Take Boston College as an example. Per the website below they received 2800 ED applications and admitted 960 students for an admission rate of 34%. If the numbers are similar to last year they will have 36,000 to 37,000 regular applications. and will accept an additonal 4500 students or somewhere around 12%. So if you want to go to BC your odds are 3 times better applying ED. And that process is designed solely to benefit the kids not the schools.
.


It'll be interesting to see
by AquinasDomer  (2024-01-09 13:47:17)     cannot delete  |  Edit  |  Return to Board  |  Ignore Poster   |   Highlight Poster  |   Cannot reply

What the decline in college aged population as we transition away from the millennial population bump. Colleges have been seeing higher and higher numbers in the applicant pools and that will reverse in the years to come.

Alternatively it'd be nice if more top 20 schools expanded their undergraduate enrollments. The hairs that are being split to decide who goes where are pretty small.


Weird. Ackman said exactly what you say
by airborneirish  (2024-01-09 16:30:06)     cannot delete  |  Edit  |  Return to Board  |  Ignore Poster   |   Highlight Poster  |   Cannot reply

But the take away from liberals on this board is it’s impossible to measure merit in academic and hr.
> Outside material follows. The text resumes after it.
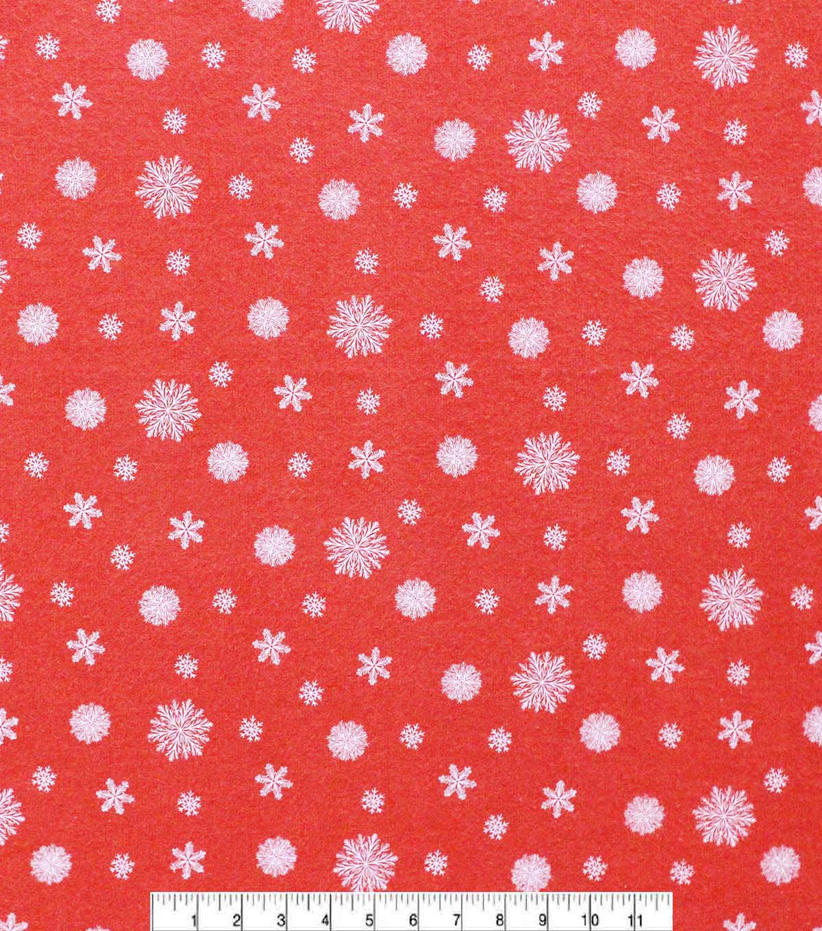 • White Snowflakes on Red Super Snuggle Christmas Flannel Fabric

Not impossible to measure merit but there is no set
by wpkirish  (2024-01-09 17:47:16)     cannot delete  |  Edit  |  Return to Board  |  Ignore Poster   |   Highlight Poster  |   Cannot reply

Measurement that everyone agrees upon so there is a subjective component. Even within that group of white males schools don’t simply take the top 100 by test score and gpa. How do you value the kid with top Grades but lower test scores? How do you value the kid with great test scores but the grades while good don’t reflect that score? Above a certain point you have shown the ability to do the work and it is making a subjective judgment of who you want in the school because they all merit admission. If not there would be a computer program where you put the information from
The application in and it spits out the acceptances and rejections.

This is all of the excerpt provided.